> [YOUR TASK]:
Output, exactly as written, the lines below starting at the line containing "Below is the" and ending at the line containing "儿童拖鞋女童萌牙鲨夏季室内洗澡EVA防滑凉拖鞋中小童绑带洞洞鞋". Drop the pictures and keep both end lines.

> [DATA SUPPLIED]:

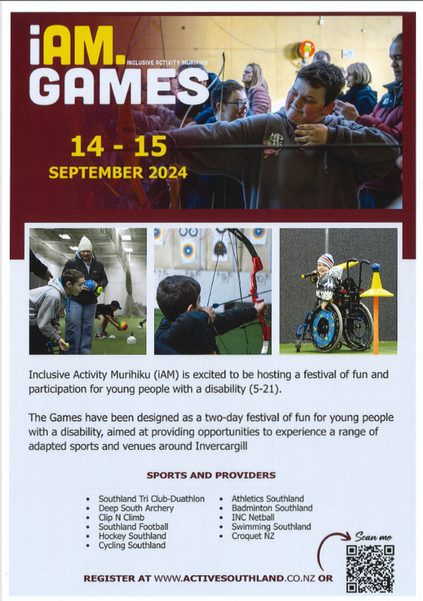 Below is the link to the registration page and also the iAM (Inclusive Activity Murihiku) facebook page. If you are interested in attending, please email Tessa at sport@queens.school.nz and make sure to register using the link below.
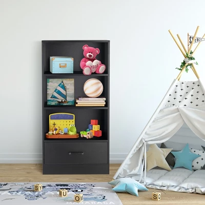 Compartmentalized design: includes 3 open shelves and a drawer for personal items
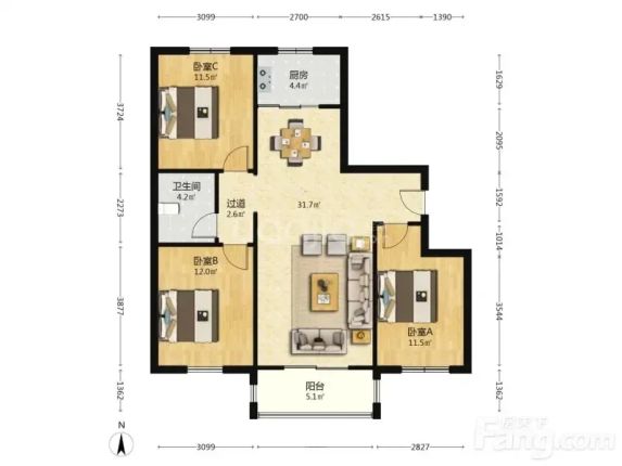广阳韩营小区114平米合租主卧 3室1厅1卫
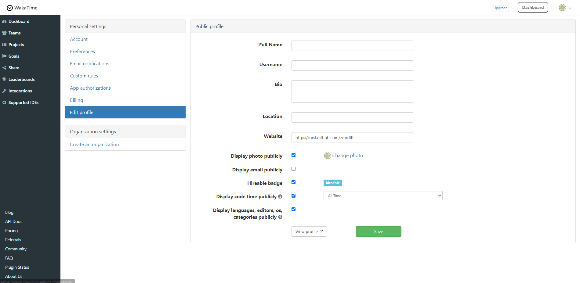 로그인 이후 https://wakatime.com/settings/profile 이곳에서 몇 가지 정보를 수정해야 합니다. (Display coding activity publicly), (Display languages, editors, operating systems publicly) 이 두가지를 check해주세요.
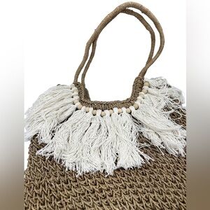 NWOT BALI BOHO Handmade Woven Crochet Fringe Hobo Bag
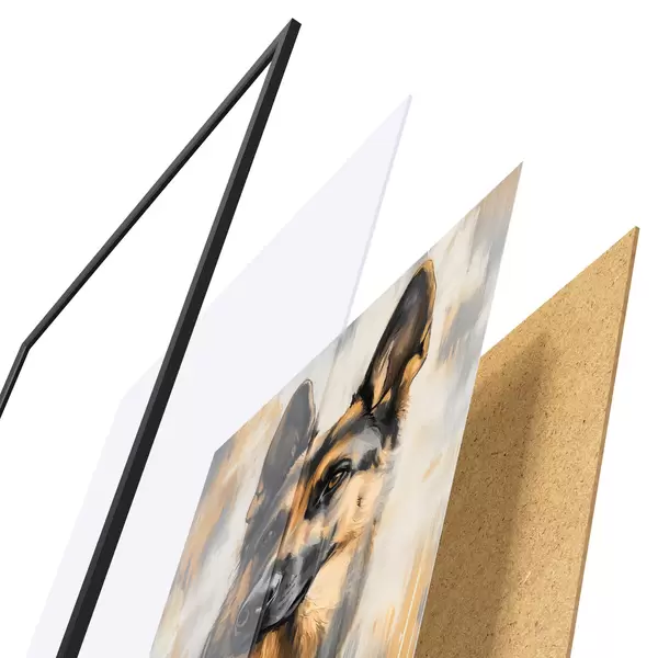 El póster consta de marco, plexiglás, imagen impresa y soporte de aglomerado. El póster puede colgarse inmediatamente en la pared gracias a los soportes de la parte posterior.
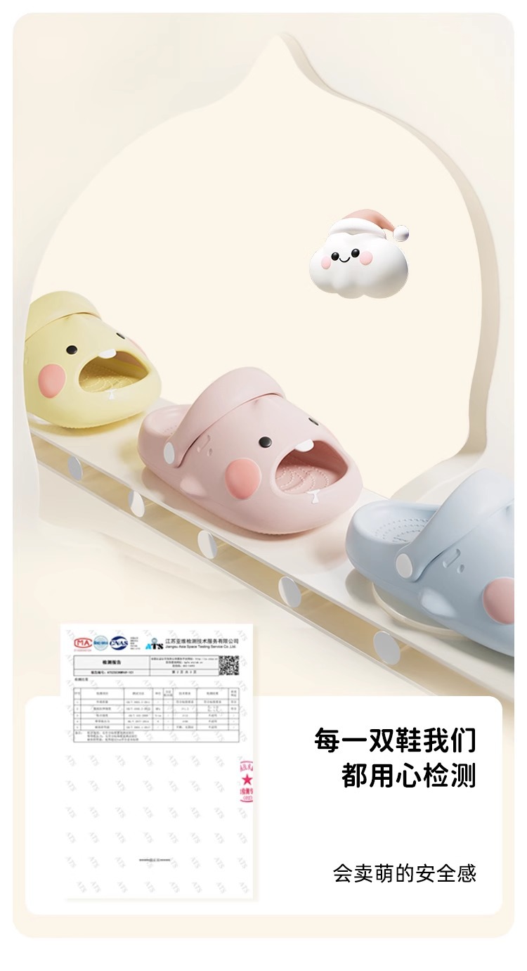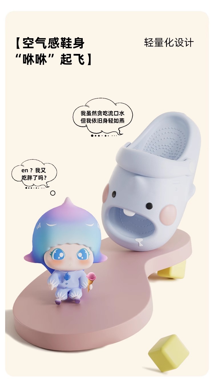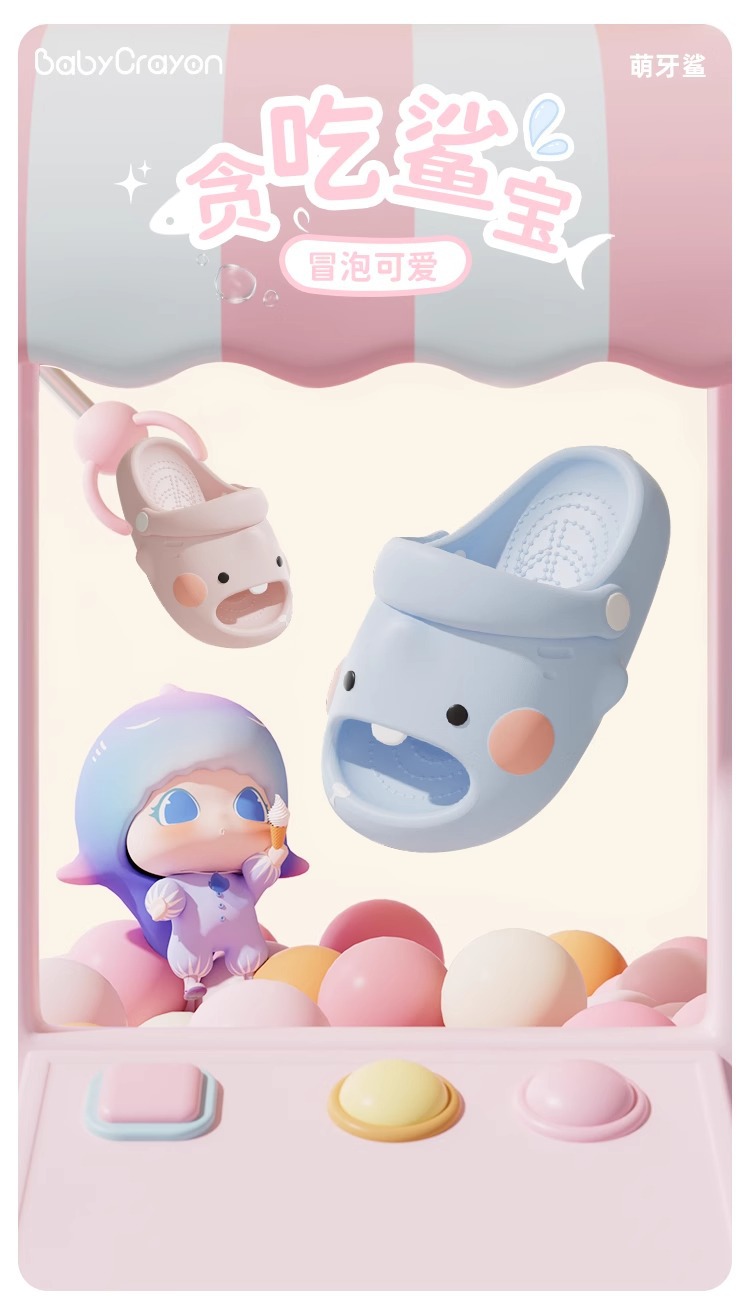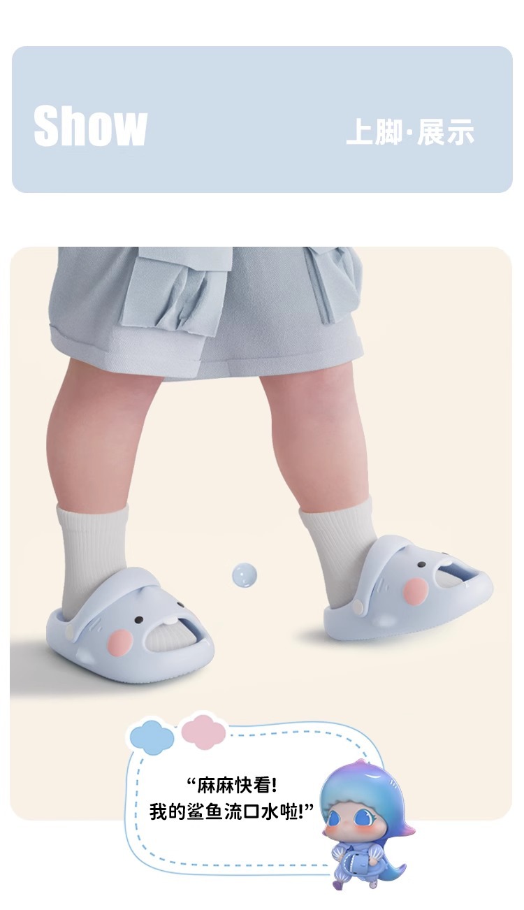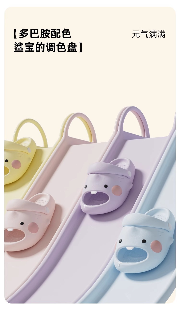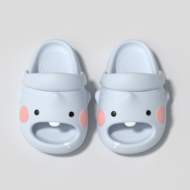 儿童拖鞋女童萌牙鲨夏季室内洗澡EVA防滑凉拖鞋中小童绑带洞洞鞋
==
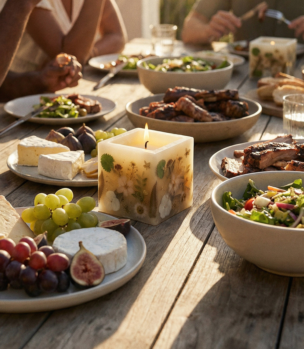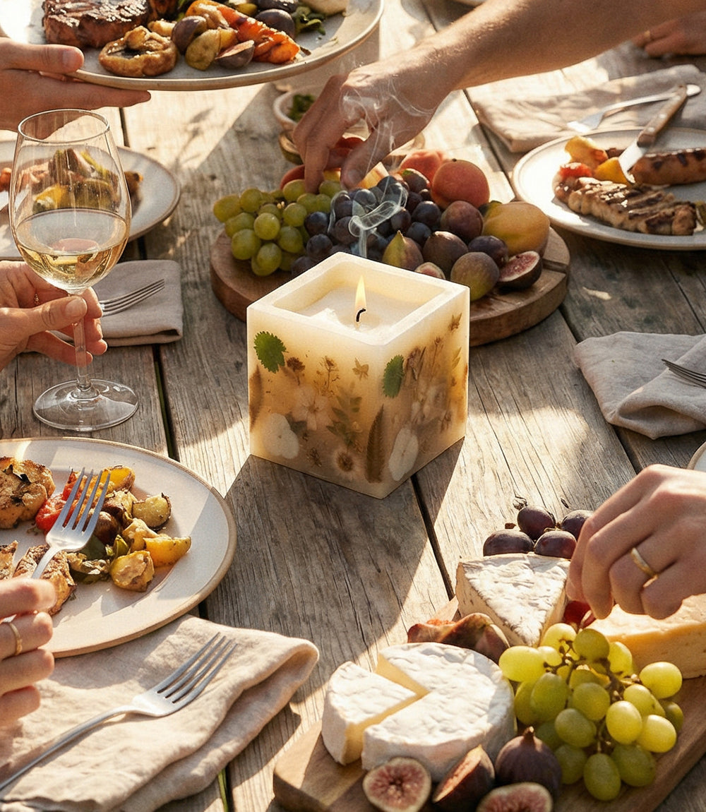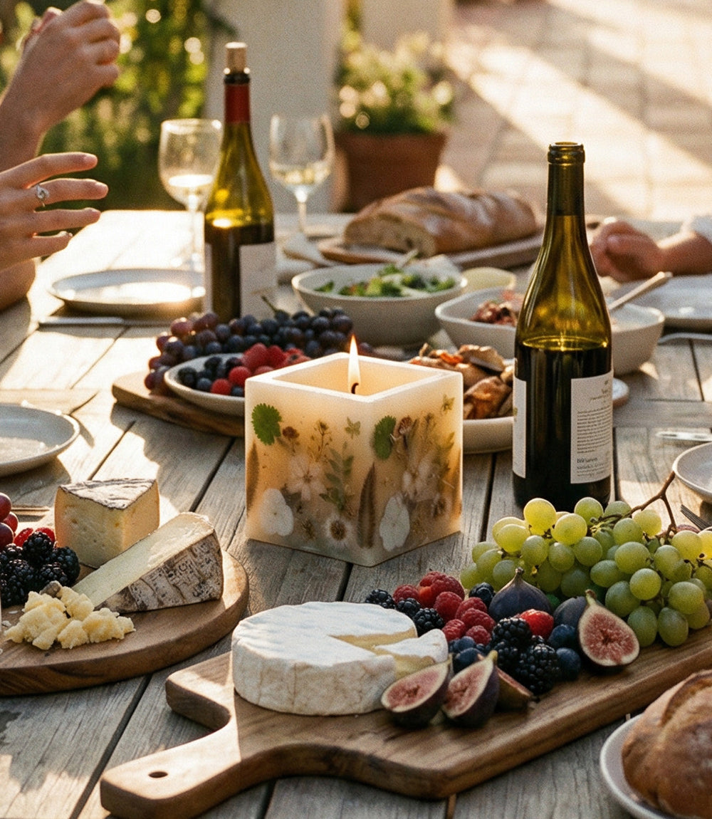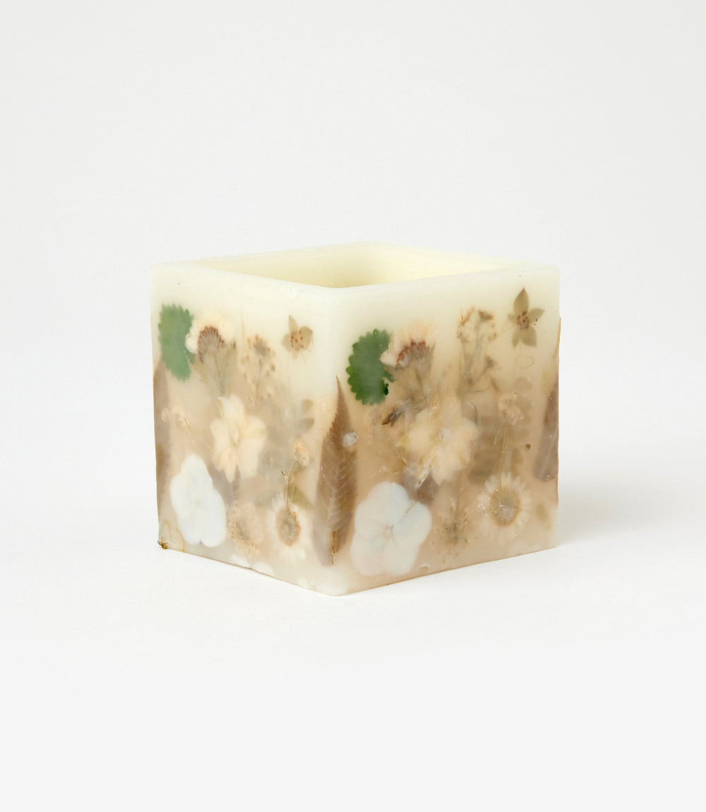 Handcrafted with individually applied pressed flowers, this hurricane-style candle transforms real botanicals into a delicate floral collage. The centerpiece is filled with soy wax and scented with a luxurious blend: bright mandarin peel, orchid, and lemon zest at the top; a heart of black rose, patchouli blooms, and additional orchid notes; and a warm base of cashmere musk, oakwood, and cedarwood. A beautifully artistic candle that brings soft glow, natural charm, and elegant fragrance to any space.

> [EXERCISE RESULT]:
 Below is the link to the registration page and also the iAM (Inclusive Activity Murihiku) facebook page. If you are interested in attending, please email Tessa at sport@queens.school.nz and make sure to register using the link below.
 Compartmentalized design: includes 3 open shelves and a drawer for personal items
广阳韩营小区114平米合租主卧 3室1厅1卫
 로그인 이후 https://wakatime.com/settings/profile 이곳에서 몇 가지 정보를 수정해야 합니다. (Display coding activity publicly), (Display languages, editors, operating systems publicly) 이 두가지를 check해주세요.
 NWOT BALI BOHO Handmade Woven Crochet Fringe Hobo Bag
 El póster consta de marco, plexiglás, imagen impresa y soporte de aglomerado. El póster puede colgarse inmediatamente en la pared gracias a los soportes de la parte posterior.
 儿童拖鞋女童萌牙鲨夏季室内洗澡EVA防滑凉拖鞋中小童绑带洞洞鞋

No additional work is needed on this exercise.